9.2 Mediation. If a dispute arises about this contract, the parties first must try to settle it through mediation. The parties will agree to the mediator and share the costs of the mediation. Each party agrees to cooperate with the mediator and to try to reach a mutually satisfactory compromise. If the dispute is not resolved in 30 days after one party notifies the other in writing of its desire for mediation, either party may take the matter to court.
9.3 Modification; Waiver. To change anything in this Agreement, the Client and the Artist must agree to that change in writing and sign a document showing their contract. Neither party can waive its rights under this Agreement or release the other party from its obligations under this Contract, unless the waiving party acknowledges it is doing so in writing and signs a document that says so.
9.4 Notices. (a) Over the course of this Agreement, one party may need to send a notice to the other party. For the notice to be valid, it must be in writing and delivered in one of the following ways: personal delivery, email, or certified or registered mail (postage prepaid, return receipt requested). The notice must be delivered to the party’s address listed at the end of this Contract or to another address that the party has provided in writing as an appropriate address to receive notice.
(b) The timing of when a notice is received can be very important. To avoid confusion, a valid notice is considered received as follows: (i) if delivered personally, it is considered received immediately; (ii) if delivered by email, it is considered received upon acknowledgement of receipt; (iii) if delivered by registered or certified mail (postage prepaid, return receipt requested), it is considered received upon receipt as indicated by the date on the signed receipt. If a party refuses to accept notice or if notice cannot be delivered because of a change in address for which no notice was given, then it is considered received when the notice is rejected or unable to be delivered. If the notice is received after 5:00pm on a London business day at the location specified in the address for that party, or on a day that is not a London business day, then the notice is considered received at 9:00am on the next business day.
9.5 Severability. This section deals with what happens if a portion of the Agreement is found to be unenforceable. If that’s the case, the unenforceable portion will be changed to the minimum extent necessary to make it enforceable, unless that change is not permitted by law, in which case the portion will be disregarded. If any portion of the Contract is changed or disregarded because it is unenforceable, the rest of the Agreement is still enforceable.

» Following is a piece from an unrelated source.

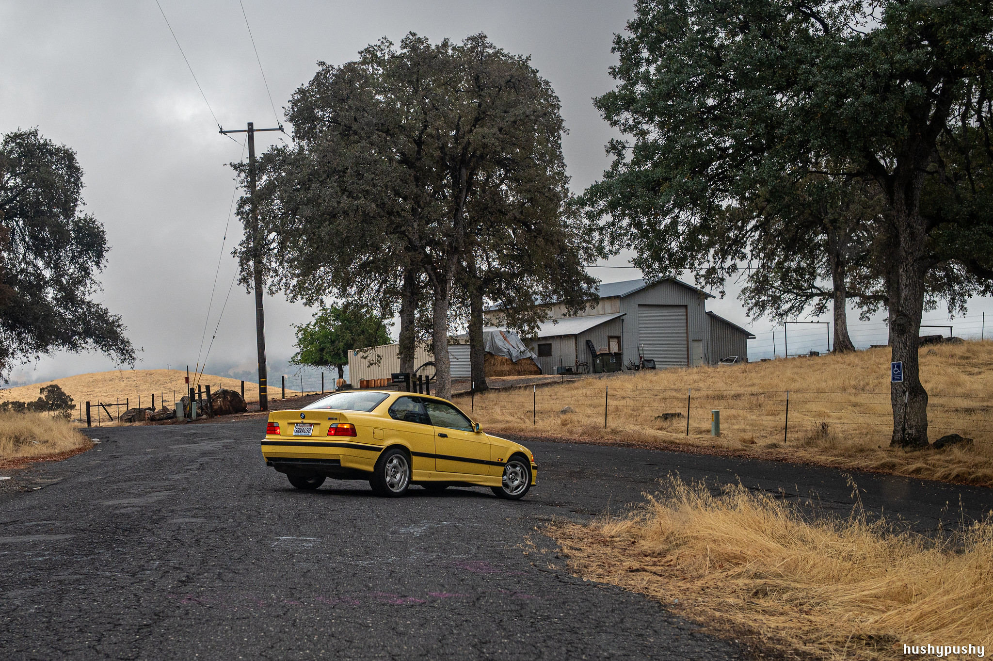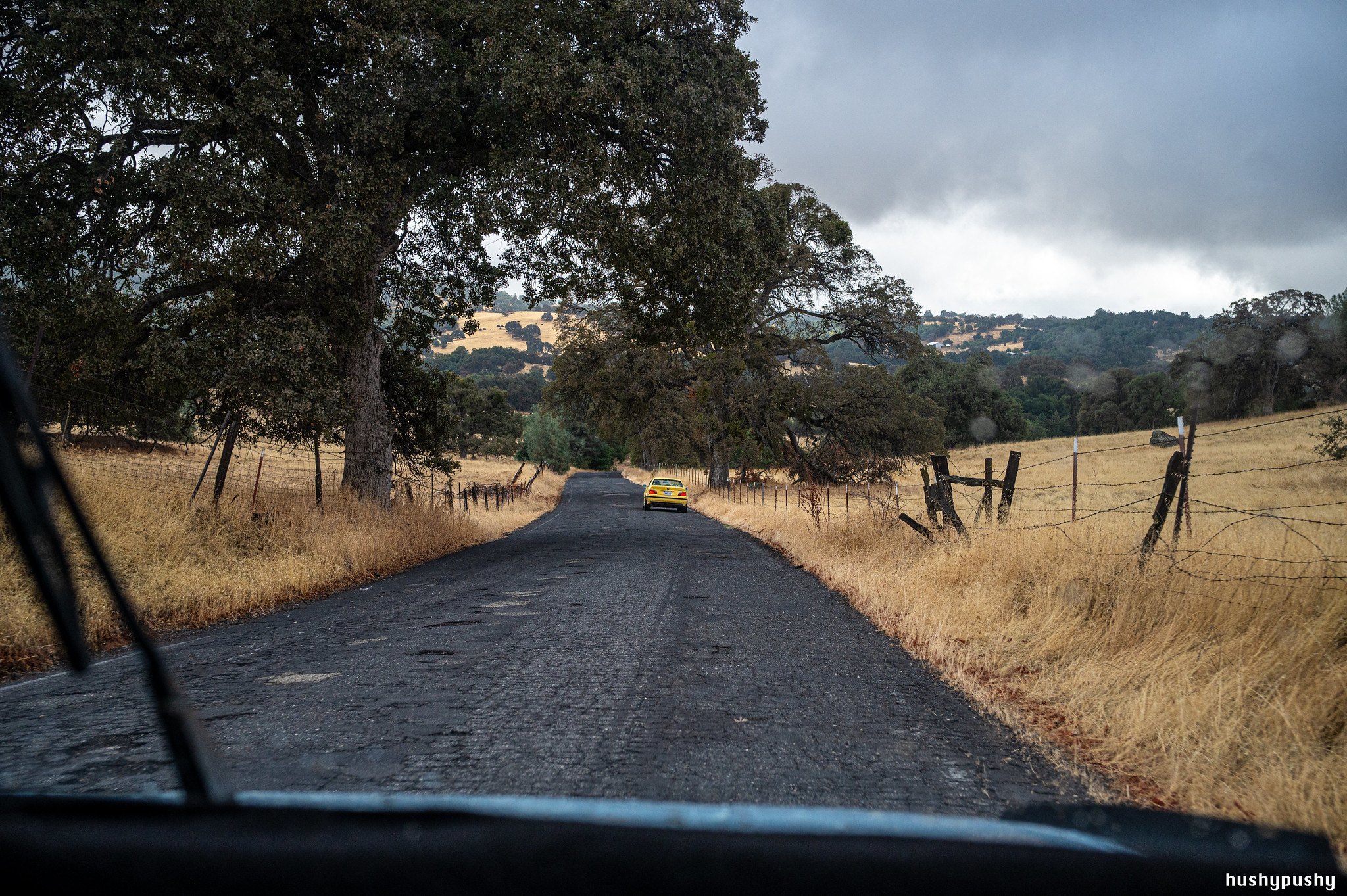 Within minutes of leaving the town square we were out on the backroads. The first road was rough and littered with potholes. Warren, the rally route master, seen here driving in front of us in his Dakar Yellow E36 M3, was pretty stoked about the happy coincidence of the very first road being the most gnarly: if you can handle this, the rest of the rally is smooth sailing.

9.6 Third Party Rights. A person who is not a party to this Agreement shall not have any rights under the Contracts (Rights of Third Parties) Act 1999 to enforce any term of this contract.
9.7 Signatures. The Client must sign this document using the e-signing system to instigate the booking. The Artist will review of the Booking Form and provide the client with a final Contract for both parties to sign for the Contract to be binding .
9.8 Governing Law. The laws of England and Wales govern the rights and obligations of the Client and the Artist (both contractual and non-contractual) under this Agreement, without regard to conflict of law principles. The courts of England and Wales shall have exclusive jurisdiction in determining any dispute (whether contractual or non-contractual) under or in connection with this contract.